Friday, December 28, 2007


A 30-year-old Sunnyvale woman, recently back from a stay in India, is in an isolation unit at Stanford Hospital with a tough-to-treat strain of tuberculosis, and health officials are scrambling to find any people with whom she may have come into close contact.

The woman, whose name has not been released, was reportedly diagnosed with multidrug-resistant TB while in India and was being treated for the disease before she returned to the Bay Area on Dec. 13.

\"She was sick when she got on her airplane,\" said Joy Alexiou, a spokeswoman for Santa Clara County's Public Health Department.

That was likely a good thing, said Dr. Marty Fenstersheib, the Santa Clara County health officer.

\"She was really sick when she arrived in the Bay Area, so she wasn't going out Christmas shopping or mingling with crowds,\" he said. \"She finally made her way to the emergency room at Stanford on Dec. 19.\"

County health officials, along with the national Centers for Disease Control and Prevention, are tracking down people who might have been exposed to the disease. The people who shared the emergency room with the woman on Dec. 19 already have been notified, as has her family, Fenstersheib said.

The CDC has identified 44 people from 16 states who were within two rows of the woman on American Airlines Flight 293 from New Delhi to Chicago's O'Hare airport on Dec. 13. On Thursday, the CDC sent health officials in the 16 states a list of the names and asked for help in having them tested for TB.

Since a person typically needs prolonged exposure to a TB carrier to become infected, only plane rides of eight hours or longer are of concern to health officials, said Shelly Diaz, a CDC spokeswoman. Passengers on the shorter flight the woman took from Chicago to San Francisco International Airport are not considered to be in danger.
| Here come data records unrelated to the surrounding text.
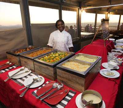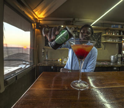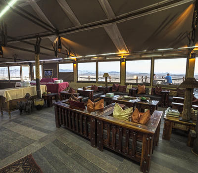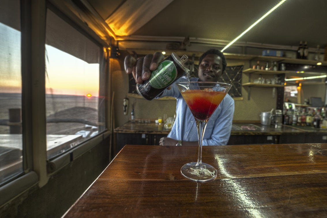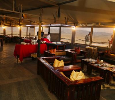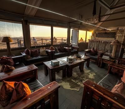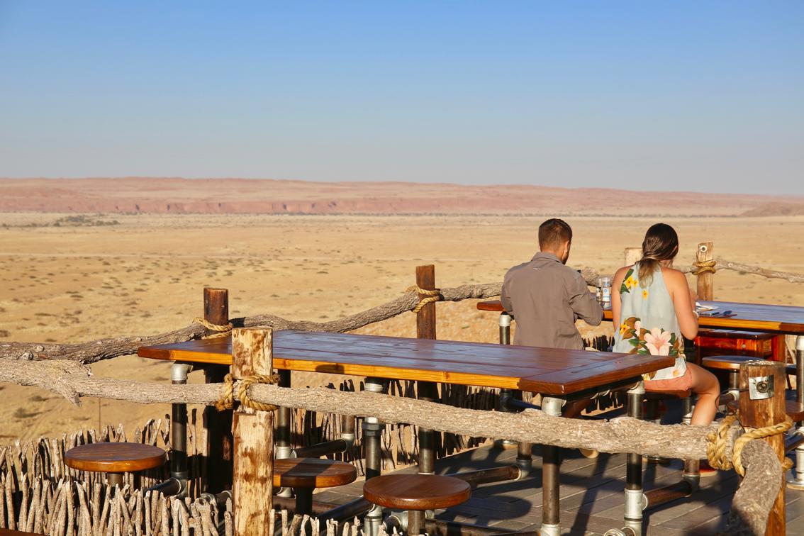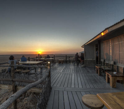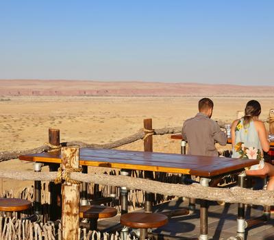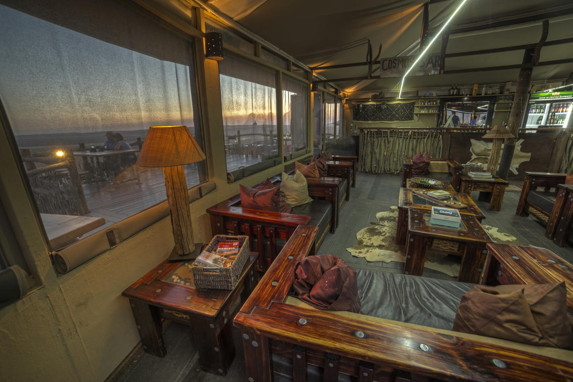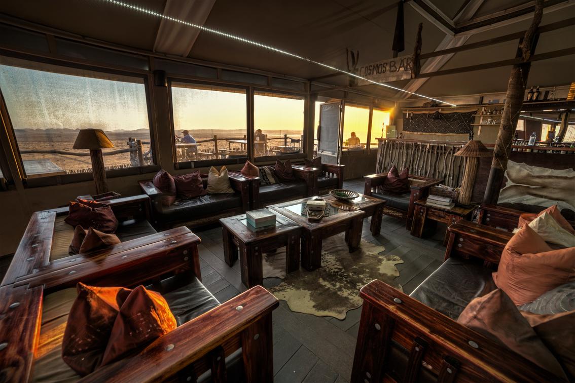 Our fully licensed Cosmos Bar serves drinks throughout the day and is adjacent to a large deck overlooking the desert plains and Petrified dunes in the distance.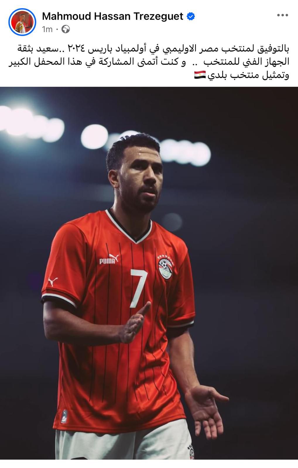 وقال تريزيجيه في تدوبنة له على موقع إكس: بالتوفيق لمنتخب مصر الاوليمبي في اولمبياد باريس 2024.. سيعد بثقة الجهاز الفني للمنتخب.. وكنت أتمنى المشاركة في المحفل الكبير وتمثيل منتخب بلدي"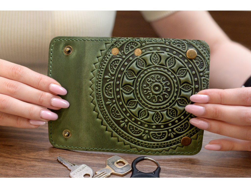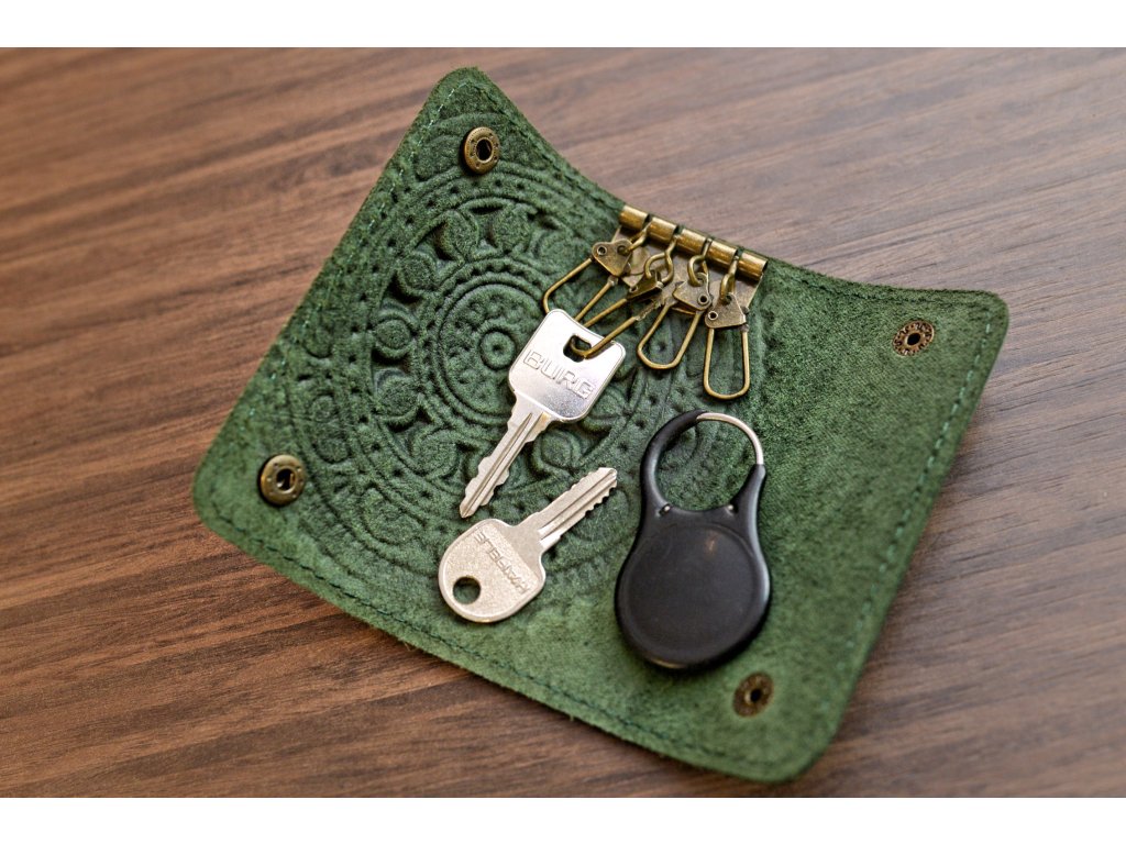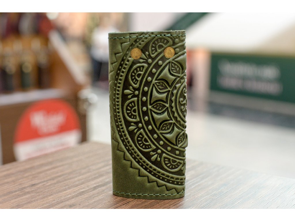 Držák na klíč(4) s reliéfem "MANDALA". Kůže "Crazy Horse" smaragdová

While the multidrug-resistant strain of TB only accounts for a handful of cases each year in Santa Clara County, the disease itself is all too common in the Bay Area, Fenstersheib said. Santa Clara County had 228 cases of TB in 2006 and about the same number this year. About 90 percent of those infected are foreign born, often coming from countries where the disease is endemic.

\"We work with TB all the time, so this is kind of routine for us,\" he said.
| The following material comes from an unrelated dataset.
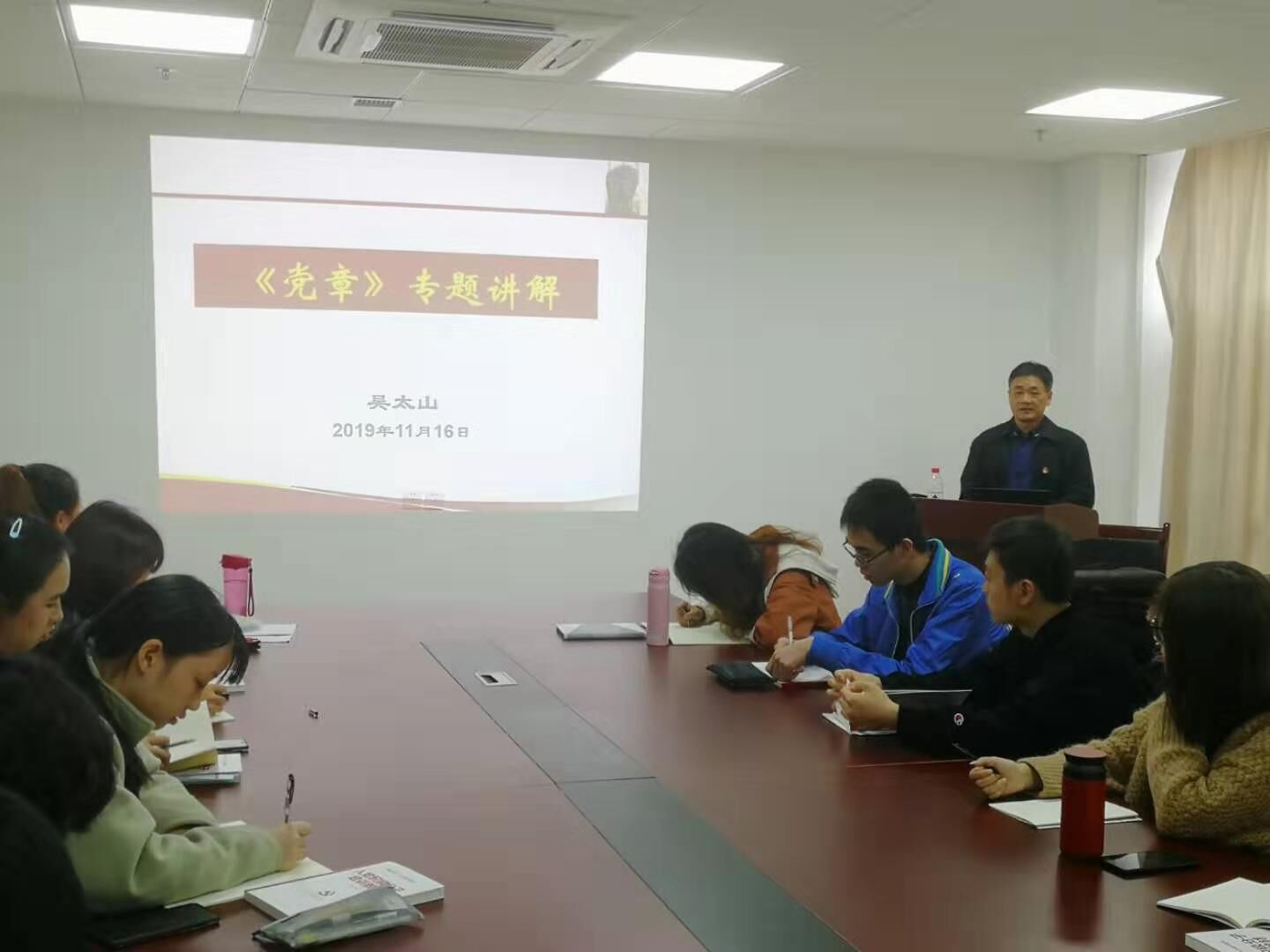 吴太山书记从为什么要深入学习《党章》入手,重点讲解《党章》中“总纲”部分有关党的性质、最高理想和最终目标,党的指导思想及其内涵、作用,中国特色社会主义基本理论、基本路线、基本方略,党的建设内容及要求等方面内容。对《党章》中的11章55条内容从党员和党的干部、党的各级组织、党的纪律、党团关系、党徽党旗等方面进行了归类讲解。吴书记还介绍了《党章》形成和发展的历史过程,历次党代会对《党章》所作的重要修改,特别是党的十九大对党章所做的十个方面重要修改,以帮助学员们更好的理解和掌握现行新《党章》。

The woman is in stable condition at Stanford Hospital, Fenstersheib said. She will be kept in isolation at the hospital until her disease is no longer infectious, which could take weeks.

The multidrug-resistant strain of TB isn't any more virulent, but is much tougher to treat, since the typical frontline drugs don't work, the doctor said. While the normal TB patient will take antibiotics for as long as nine months, the treatment can stretch out to two years for those with the less common version.

In May, there was a national health scare when an Atlanta attorney originally was diagnosed with an even rarer - and deadlier - form of the disease. The man, who had traveled widely while he was ill, became the first person since 1963 to be hit with a formal federal quarantine order. He later was found to have the multidrug-resistant version.

World Health Organization guidelines call for people with multidrug-resistant TB to avoid commercial air travel until lab tests show they are noninfectious, but that doesn't always happen.

\"eople get on buses, planes and trains and go to malls with illnesses all the time,\" said Diaz of the CDC.

What to do
If you suspect you've been exposed, see your doctor or contact your county health department to be tested for the disease.